§ **RECORDS PROVIDED**:

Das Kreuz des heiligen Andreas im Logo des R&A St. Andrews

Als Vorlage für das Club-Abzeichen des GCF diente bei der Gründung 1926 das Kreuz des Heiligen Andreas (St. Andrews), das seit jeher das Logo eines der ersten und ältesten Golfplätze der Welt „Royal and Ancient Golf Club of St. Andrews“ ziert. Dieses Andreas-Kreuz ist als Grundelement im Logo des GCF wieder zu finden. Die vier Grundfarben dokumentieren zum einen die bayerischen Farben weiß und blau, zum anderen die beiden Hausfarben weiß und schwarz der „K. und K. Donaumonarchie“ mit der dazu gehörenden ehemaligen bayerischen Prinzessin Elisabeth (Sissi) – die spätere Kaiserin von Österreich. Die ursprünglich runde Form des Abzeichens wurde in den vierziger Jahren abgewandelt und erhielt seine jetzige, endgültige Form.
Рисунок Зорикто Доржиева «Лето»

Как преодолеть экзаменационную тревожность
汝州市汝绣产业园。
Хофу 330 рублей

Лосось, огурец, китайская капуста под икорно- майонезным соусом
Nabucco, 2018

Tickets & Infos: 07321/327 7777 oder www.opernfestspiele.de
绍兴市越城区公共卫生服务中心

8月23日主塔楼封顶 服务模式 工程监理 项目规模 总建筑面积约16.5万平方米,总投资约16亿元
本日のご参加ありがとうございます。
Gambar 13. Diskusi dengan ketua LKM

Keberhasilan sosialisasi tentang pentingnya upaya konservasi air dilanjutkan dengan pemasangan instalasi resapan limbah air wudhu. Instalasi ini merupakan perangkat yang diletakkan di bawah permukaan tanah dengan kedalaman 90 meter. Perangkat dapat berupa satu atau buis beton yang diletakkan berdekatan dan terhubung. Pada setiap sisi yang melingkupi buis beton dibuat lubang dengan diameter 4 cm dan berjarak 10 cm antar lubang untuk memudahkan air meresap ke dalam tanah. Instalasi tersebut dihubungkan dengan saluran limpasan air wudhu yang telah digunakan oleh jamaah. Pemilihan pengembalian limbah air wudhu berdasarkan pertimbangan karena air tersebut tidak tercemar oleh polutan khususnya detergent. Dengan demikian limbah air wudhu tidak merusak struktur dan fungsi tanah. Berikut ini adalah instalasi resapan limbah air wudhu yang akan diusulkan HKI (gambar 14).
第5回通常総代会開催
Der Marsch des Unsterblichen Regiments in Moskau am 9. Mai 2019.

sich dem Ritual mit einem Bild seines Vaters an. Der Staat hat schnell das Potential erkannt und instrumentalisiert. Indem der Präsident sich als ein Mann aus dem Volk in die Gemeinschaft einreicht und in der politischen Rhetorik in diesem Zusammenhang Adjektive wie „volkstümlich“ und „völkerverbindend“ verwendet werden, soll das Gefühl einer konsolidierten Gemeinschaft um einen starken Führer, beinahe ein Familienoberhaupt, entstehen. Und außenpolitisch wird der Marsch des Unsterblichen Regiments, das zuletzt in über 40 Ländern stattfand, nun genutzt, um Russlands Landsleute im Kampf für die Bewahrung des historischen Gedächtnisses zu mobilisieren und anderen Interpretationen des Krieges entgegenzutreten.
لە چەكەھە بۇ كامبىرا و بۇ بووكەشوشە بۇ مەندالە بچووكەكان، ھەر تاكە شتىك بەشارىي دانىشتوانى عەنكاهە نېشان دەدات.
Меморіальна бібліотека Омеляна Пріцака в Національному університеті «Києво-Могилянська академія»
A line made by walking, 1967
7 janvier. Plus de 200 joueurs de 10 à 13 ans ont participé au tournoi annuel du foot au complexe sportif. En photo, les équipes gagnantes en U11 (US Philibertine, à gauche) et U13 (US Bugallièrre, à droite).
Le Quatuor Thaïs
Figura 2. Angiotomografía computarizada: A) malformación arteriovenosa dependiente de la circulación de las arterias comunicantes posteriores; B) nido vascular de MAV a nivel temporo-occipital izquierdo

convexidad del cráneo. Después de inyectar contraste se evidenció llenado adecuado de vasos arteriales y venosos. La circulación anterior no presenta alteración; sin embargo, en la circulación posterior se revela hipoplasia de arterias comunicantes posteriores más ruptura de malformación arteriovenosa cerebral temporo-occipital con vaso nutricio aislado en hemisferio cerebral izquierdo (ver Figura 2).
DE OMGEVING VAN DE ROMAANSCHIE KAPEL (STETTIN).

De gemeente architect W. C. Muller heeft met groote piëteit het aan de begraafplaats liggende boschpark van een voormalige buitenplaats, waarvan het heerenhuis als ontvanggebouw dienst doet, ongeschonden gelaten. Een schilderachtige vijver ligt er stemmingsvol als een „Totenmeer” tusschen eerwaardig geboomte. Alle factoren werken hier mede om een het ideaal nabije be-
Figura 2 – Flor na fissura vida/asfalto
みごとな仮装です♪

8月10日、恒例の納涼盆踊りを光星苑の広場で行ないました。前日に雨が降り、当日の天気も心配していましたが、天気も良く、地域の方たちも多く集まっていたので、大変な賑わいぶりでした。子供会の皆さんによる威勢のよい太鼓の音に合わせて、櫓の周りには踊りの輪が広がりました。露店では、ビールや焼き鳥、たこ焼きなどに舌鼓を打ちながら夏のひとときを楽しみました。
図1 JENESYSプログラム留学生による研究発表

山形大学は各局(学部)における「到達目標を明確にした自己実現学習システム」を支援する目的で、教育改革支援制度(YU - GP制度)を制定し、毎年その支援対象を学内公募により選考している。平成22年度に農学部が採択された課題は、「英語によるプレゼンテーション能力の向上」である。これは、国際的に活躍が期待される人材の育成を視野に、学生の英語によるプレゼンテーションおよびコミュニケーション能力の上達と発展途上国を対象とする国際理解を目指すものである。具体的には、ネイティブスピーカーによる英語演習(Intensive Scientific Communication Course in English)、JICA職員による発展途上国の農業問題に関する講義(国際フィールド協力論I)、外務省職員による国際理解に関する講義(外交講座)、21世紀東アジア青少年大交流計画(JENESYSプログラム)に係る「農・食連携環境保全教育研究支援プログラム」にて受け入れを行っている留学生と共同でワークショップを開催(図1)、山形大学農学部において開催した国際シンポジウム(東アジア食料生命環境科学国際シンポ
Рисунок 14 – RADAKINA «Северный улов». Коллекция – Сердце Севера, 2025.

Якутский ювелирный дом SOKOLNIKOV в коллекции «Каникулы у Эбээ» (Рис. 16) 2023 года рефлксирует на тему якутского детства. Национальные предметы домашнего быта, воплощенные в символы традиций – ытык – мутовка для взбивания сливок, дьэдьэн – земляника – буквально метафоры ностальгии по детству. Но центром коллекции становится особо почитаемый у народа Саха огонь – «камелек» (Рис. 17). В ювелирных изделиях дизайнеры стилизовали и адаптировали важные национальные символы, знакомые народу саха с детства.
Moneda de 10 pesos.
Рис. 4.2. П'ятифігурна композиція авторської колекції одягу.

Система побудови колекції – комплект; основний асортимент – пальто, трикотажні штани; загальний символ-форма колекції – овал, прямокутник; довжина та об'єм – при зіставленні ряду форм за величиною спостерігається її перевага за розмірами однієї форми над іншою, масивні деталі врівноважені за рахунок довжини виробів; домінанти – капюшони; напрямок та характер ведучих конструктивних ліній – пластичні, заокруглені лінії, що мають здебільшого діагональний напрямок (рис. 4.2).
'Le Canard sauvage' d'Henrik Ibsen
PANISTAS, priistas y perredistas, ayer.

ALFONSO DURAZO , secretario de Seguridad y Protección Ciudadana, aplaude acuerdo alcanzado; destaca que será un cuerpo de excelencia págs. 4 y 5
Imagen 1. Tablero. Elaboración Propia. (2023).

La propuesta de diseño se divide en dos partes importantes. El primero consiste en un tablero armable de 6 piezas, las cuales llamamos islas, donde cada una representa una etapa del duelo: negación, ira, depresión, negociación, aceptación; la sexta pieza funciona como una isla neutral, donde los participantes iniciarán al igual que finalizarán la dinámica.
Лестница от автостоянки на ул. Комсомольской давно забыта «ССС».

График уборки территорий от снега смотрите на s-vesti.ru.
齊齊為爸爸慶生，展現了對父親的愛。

§ **WORK REQUEST**: Gather every line from the listing above in which "Рисунок" appears, and copy those lines.

§ **WORKED SOLUTION**:
Рисунок Зорикто Доржиева «Лето»
Рисунок 14 – RADAKINA «Северный улов». Коллекция – Сердце Севера, 2025.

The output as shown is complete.